Input for this task →
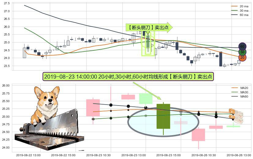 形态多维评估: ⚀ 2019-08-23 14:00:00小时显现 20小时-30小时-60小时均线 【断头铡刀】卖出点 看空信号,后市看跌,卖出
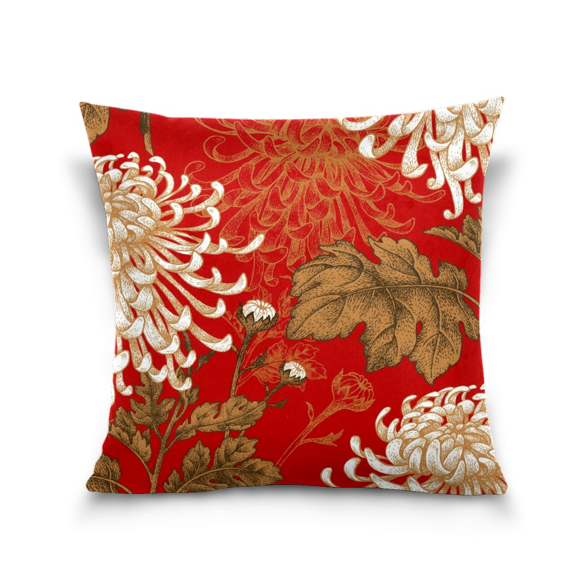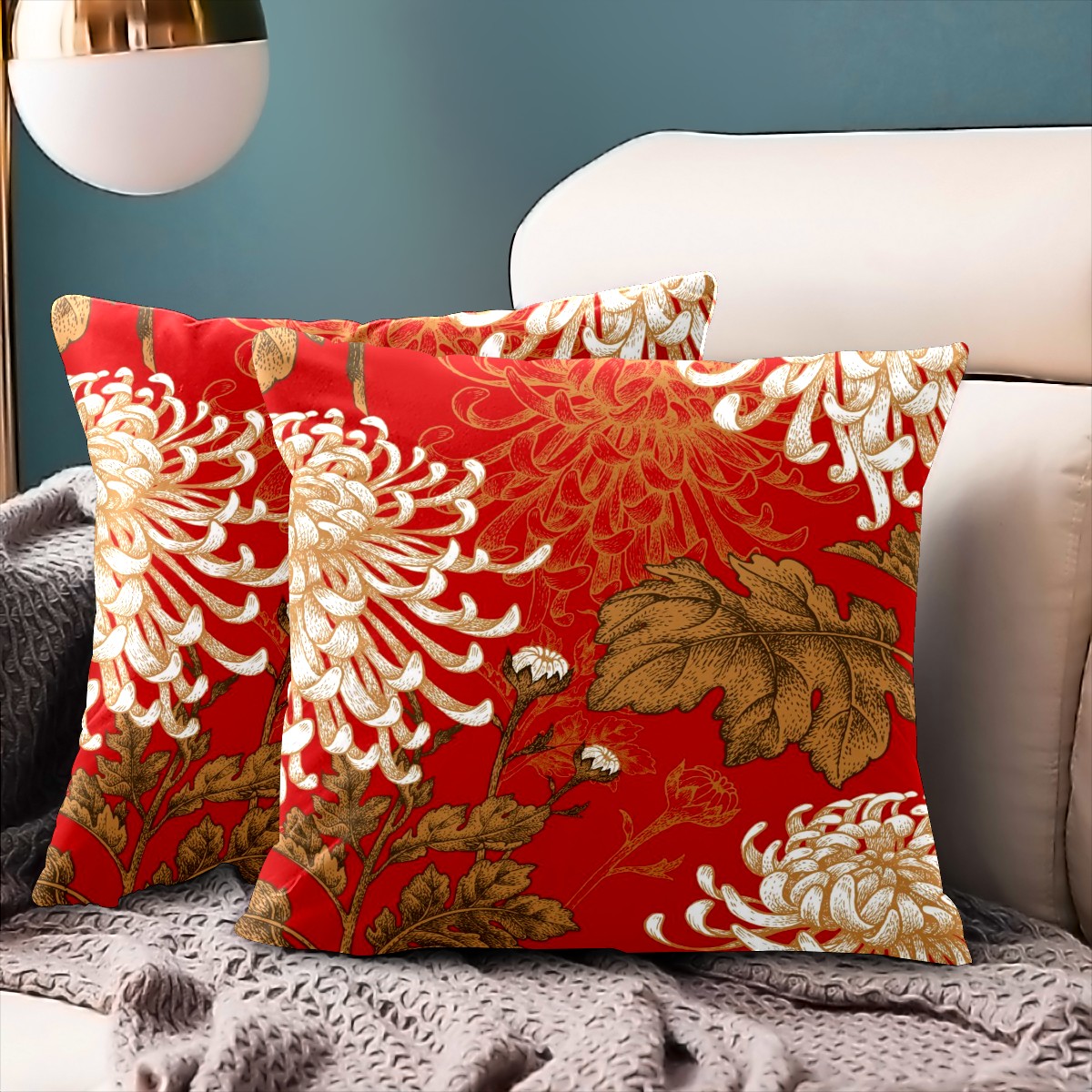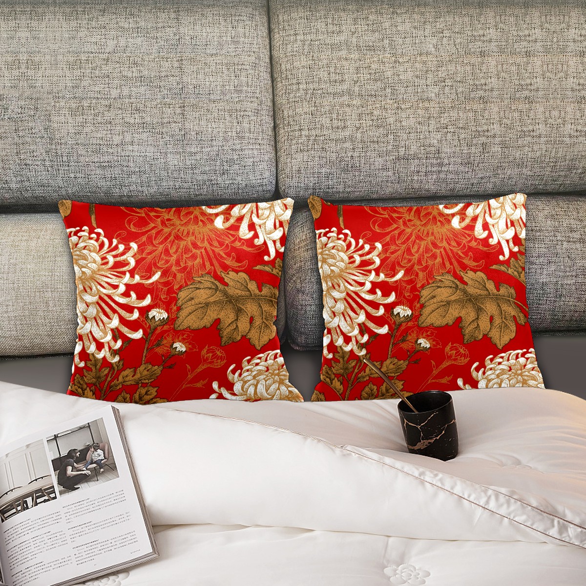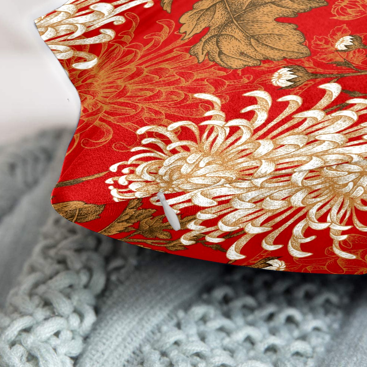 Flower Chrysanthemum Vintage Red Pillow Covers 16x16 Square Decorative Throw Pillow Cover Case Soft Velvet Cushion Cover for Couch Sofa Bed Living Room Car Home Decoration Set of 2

---

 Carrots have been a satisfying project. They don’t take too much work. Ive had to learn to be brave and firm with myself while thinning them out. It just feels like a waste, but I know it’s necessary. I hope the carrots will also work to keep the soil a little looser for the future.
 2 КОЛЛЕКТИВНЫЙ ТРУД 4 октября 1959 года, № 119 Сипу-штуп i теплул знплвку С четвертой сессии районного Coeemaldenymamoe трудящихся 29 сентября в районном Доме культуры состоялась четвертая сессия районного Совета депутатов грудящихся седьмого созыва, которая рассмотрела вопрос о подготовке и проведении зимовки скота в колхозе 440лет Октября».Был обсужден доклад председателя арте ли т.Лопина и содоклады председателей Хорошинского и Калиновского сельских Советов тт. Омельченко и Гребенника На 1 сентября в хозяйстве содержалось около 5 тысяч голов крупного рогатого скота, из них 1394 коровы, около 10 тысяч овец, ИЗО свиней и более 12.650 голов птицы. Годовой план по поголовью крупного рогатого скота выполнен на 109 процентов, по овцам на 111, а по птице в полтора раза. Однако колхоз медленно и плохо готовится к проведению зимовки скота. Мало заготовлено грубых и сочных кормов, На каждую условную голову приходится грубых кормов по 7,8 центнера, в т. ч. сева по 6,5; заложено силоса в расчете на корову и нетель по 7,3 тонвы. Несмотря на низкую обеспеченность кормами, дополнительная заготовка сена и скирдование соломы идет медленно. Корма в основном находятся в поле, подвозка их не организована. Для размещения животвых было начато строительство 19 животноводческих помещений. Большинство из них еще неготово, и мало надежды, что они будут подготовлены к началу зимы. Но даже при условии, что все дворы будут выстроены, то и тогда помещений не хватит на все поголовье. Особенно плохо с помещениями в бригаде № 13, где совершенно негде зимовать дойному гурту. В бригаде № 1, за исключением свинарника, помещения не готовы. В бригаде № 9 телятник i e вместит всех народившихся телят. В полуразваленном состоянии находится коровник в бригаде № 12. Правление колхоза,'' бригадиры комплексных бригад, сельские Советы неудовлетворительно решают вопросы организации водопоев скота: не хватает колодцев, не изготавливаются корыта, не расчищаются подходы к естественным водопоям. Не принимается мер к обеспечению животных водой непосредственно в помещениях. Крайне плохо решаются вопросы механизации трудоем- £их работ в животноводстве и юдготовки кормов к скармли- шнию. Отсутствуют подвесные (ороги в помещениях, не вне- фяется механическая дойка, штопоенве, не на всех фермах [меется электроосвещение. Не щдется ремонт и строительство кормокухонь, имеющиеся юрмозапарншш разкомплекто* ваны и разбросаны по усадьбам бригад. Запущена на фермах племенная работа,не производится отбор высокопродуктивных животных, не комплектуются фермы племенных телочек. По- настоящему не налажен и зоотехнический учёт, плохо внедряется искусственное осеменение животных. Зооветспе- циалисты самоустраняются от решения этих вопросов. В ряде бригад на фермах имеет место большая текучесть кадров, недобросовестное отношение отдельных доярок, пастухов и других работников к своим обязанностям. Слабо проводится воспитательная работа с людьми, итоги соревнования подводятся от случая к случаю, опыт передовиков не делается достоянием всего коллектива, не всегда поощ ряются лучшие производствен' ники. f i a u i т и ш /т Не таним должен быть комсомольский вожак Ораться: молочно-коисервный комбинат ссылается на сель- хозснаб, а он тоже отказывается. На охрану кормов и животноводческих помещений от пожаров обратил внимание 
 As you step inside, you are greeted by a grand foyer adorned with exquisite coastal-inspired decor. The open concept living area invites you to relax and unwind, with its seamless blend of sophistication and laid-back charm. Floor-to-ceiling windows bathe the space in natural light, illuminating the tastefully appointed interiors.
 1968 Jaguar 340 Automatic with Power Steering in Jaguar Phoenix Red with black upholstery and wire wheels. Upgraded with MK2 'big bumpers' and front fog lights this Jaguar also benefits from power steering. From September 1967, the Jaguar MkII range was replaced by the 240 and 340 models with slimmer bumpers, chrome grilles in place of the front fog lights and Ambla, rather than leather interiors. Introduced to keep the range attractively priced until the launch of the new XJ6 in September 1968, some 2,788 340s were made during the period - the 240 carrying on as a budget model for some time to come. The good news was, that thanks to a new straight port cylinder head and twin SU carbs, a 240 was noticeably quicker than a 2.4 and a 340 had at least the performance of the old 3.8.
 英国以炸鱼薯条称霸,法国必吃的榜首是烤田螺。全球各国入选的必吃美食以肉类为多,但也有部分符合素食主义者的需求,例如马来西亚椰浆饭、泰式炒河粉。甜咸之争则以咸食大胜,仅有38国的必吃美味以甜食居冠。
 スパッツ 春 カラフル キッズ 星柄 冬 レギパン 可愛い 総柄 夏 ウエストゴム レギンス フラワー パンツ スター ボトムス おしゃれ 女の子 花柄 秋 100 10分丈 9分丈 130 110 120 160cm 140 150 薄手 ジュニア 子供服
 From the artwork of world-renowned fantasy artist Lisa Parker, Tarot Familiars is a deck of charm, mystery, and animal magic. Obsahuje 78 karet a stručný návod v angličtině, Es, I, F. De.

==

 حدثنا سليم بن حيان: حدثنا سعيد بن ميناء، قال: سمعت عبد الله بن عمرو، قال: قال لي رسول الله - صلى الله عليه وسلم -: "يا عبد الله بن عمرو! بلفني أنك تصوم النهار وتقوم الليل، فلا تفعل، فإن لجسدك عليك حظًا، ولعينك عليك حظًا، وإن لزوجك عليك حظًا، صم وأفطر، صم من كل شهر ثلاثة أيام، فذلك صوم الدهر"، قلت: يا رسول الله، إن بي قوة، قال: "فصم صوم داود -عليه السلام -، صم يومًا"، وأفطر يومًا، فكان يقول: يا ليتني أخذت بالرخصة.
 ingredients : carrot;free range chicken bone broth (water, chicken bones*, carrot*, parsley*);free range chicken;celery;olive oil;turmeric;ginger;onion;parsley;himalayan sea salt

What to produce → Return a copy of each line in the entries that carries the string "interiors".

Output of the task →
 As you step inside, you are greeted by a grand foyer adorned with exquisite coastal-inspired decor. The open concept living area invites you to relax and unwind, with its seamless blend of sophistication and laid-back charm. Floor-to-ceiling windows bathe the space in natural light, illuminating the tastefully appointed interiors.
 1968 Jaguar 340 Automatic with Power Steering in Jaguar Phoenix Red with black upholstery and wire wheels. Upgraded with MK2 'big bumpers' and front fog lights this Jaguar also benefits from power steering. From September 1967, the Jaguar MkII range was replaced by the 240 and 340 models with slimmer bumpers, chrome grilles in place of the front fog lights and Ambla, rather than leather interiors. Introduced to keep the range attractively priced until the launch of the new XJ6 in September 1968, some 2,788 340s were made during the period - the 240 carrying on as a budget model for some time to come. The good news was, that thanks to a new straight port cylinder head and twin SU carbs, a 240 was noticeably quicker than a 2.4 and a 340 had at least the performance of the old 3.8.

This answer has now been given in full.